AIM OF THE TASK →
Whatever pictures appear, omit them, and repeat the data below exactly.

[Saved data entries]

↓↓↓

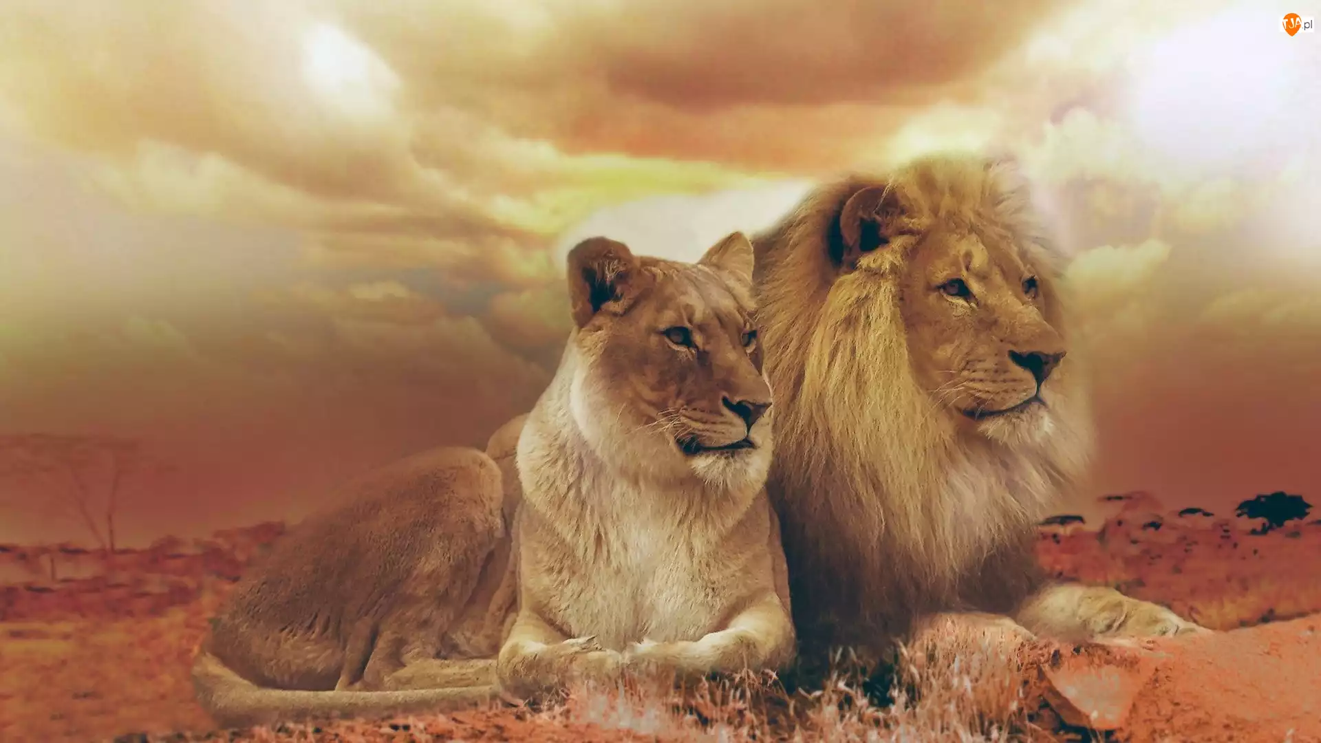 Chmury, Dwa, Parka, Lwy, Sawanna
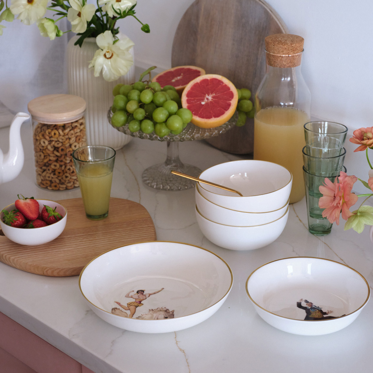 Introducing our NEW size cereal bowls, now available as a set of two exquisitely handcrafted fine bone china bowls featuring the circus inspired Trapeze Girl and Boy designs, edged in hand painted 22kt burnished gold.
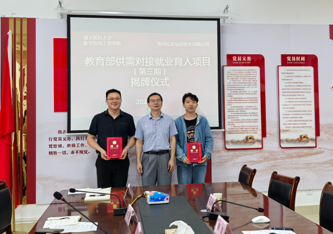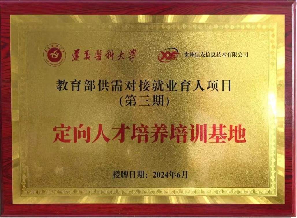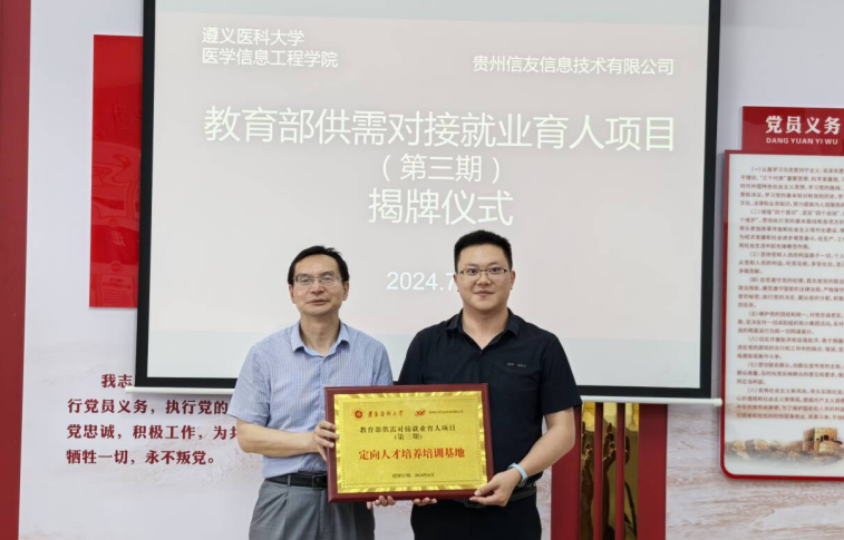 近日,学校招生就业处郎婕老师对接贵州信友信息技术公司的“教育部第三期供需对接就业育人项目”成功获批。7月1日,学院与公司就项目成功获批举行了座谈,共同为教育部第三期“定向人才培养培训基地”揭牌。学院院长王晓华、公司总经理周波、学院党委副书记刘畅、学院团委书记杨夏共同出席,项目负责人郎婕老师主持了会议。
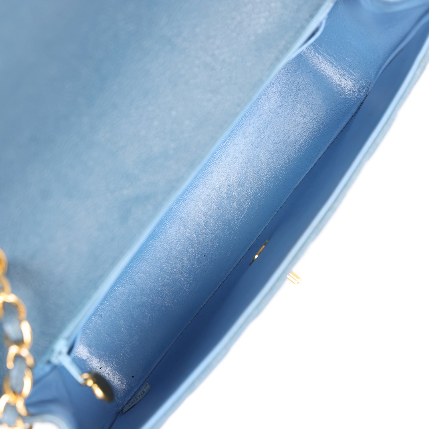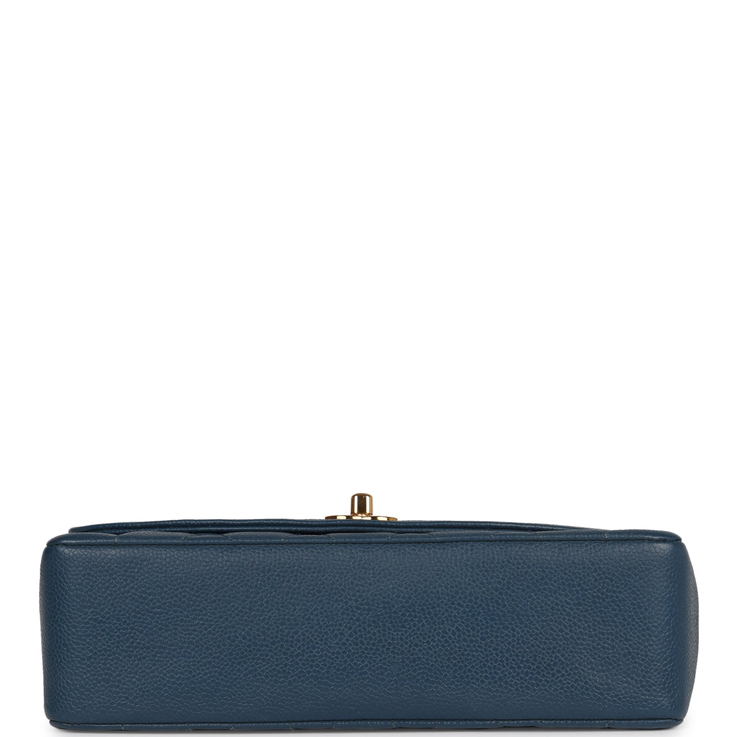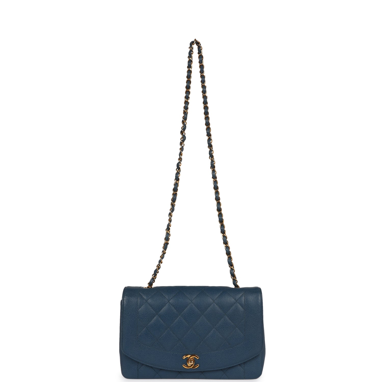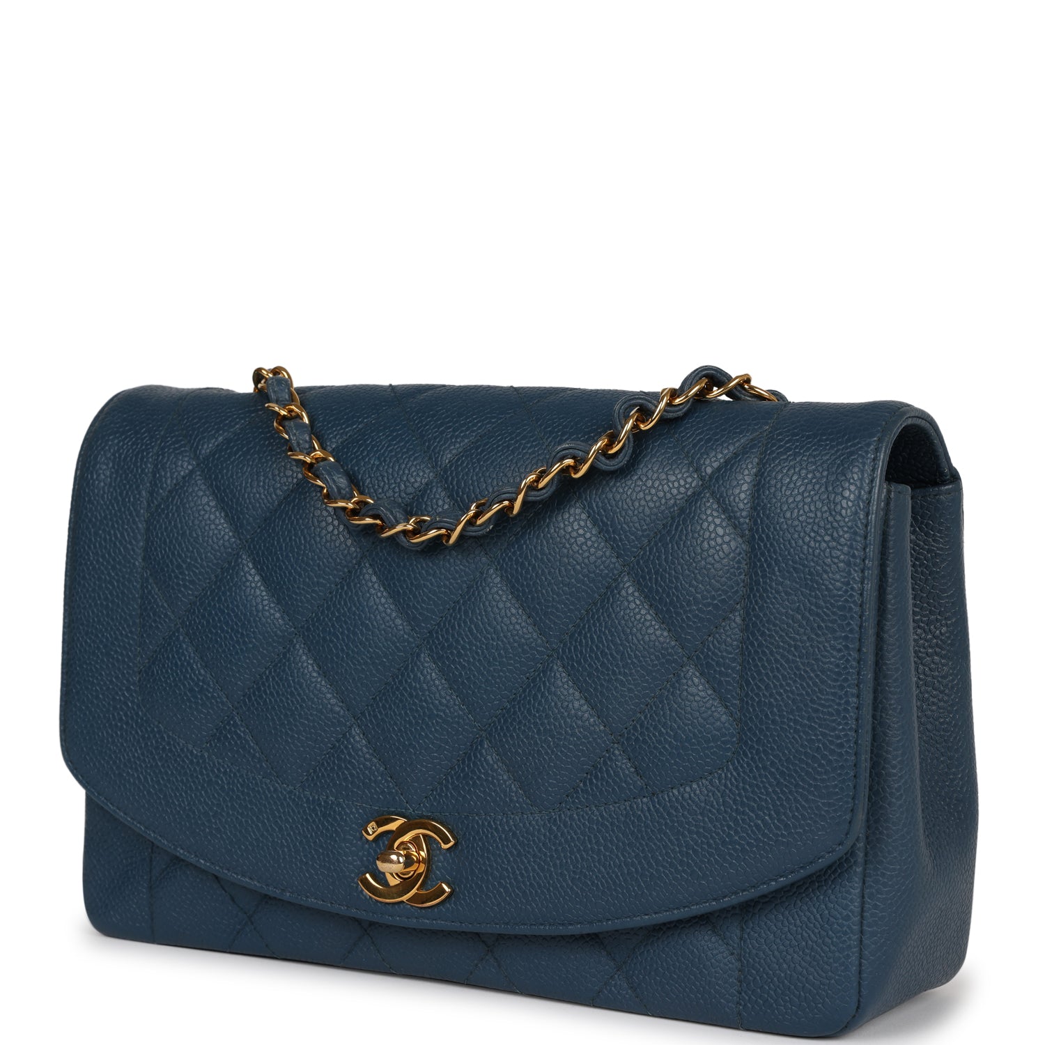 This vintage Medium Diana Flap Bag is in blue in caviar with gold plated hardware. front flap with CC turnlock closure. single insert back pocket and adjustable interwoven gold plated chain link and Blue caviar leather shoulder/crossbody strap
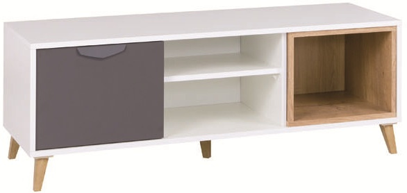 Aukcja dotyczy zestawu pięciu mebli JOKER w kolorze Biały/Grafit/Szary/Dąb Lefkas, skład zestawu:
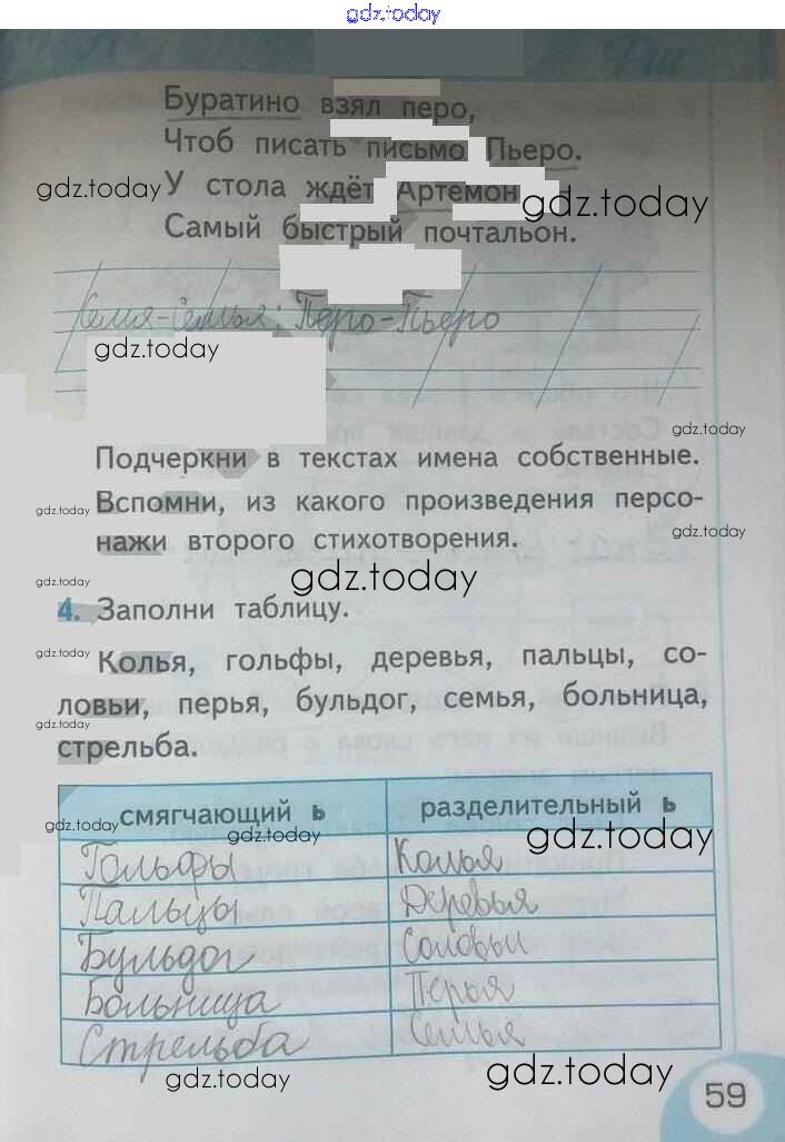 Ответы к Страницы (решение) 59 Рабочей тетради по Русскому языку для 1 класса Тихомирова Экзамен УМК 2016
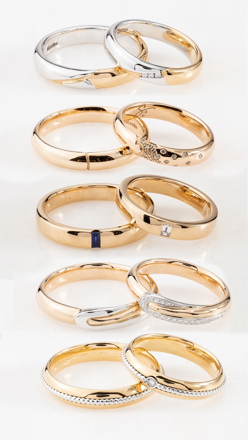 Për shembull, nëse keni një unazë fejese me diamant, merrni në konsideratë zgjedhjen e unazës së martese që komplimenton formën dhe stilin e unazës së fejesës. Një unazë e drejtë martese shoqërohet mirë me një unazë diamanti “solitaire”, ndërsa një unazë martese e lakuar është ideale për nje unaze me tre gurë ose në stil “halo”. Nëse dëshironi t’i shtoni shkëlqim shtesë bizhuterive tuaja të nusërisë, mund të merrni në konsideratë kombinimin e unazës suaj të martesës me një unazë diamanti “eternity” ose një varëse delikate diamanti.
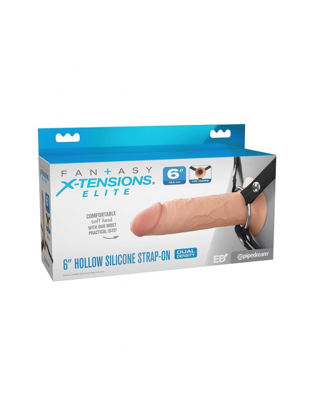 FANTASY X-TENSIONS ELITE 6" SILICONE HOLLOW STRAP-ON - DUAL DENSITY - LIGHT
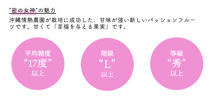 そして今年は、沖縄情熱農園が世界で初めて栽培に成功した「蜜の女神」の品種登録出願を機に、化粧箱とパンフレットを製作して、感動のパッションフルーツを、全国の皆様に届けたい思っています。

↑↑↑

ANSWER TO THIS TASK →
 Chmury, Dwa, Parka, Lwy, Sawanna
 Introducing our NEW size cereal bowls, now available as a set of two exquisitely handcrafted fine bone china bowls featuring the circus inspired Trapeze Girl and Boy designs, edged in hand painted 22kt burnished gold.
 近日,学校招生就业处郎婕老师对接贵州信友信息技术公司的“教育部第三期供需对接就业育人项目”成功获批。7月1日,学院与公司就项目成功获批举行了座谈,共同为教育部第三期“定向人才培养培训基地”揭牌。学院院长王晓华、公司总经理周波、学院党委副书记刘畅、学院团委书记杨夏共同出席,项目负责人郎婕老师主持了会议。
 This vintage Medium Diana Flap Bag is in blue in caviar with gold plated hardware. front flap with CC turnlock closure. single insert back pocket and adjustable interwoven gold plated chain link and Blue caviar leather shoulder/crossbody strap
 Aukcja dotyczy zestawu pięciu mebli JOKER w kolorze Biały/Grafit/Szary/Dąb Lefkas, skład zestawu:
 Ответы к Страницы (решение) 59 Рабочей тетради по Русскому языку для 1 класса Тихомирова Экзамен УМК 2016
 Për shembull, nëse keni një unazë fejese me diamant, merrni në konsideratë zgjedhjen e unazës së martese që komplimenton formën dhe stilin e unazës së fejesës. Një unazë e drejtë martese shoqërohet mirë me një unazë diamanti “solitaire”, ndërsa një unazë martese e lakuar është ideale për nje unaze me tre gurë ose në stil “halo”. Nëse dëshironi t’i shtoni shkëlqim shtesë bizhuterive tuaja të nusërisë, mund të merrni në konsideratë kombinimin e unazës suaj të martesës me një unazë diamanti “eternity” ose një varëse delikate diamanti.
 FANTASY X-TENSIONS ELITE 6" SILICONE HOLLOW STRAP-ON - DUAL DENSITY - LIGHT
 そして今年は、沖縄情熱農園が世界で初めて栽培に成功した「蜜の女神」の品種登録出願を機に、化粧箱とパンフレットを製作して、感動のパッションフルーツを、全国の皆様に届けたい思っています。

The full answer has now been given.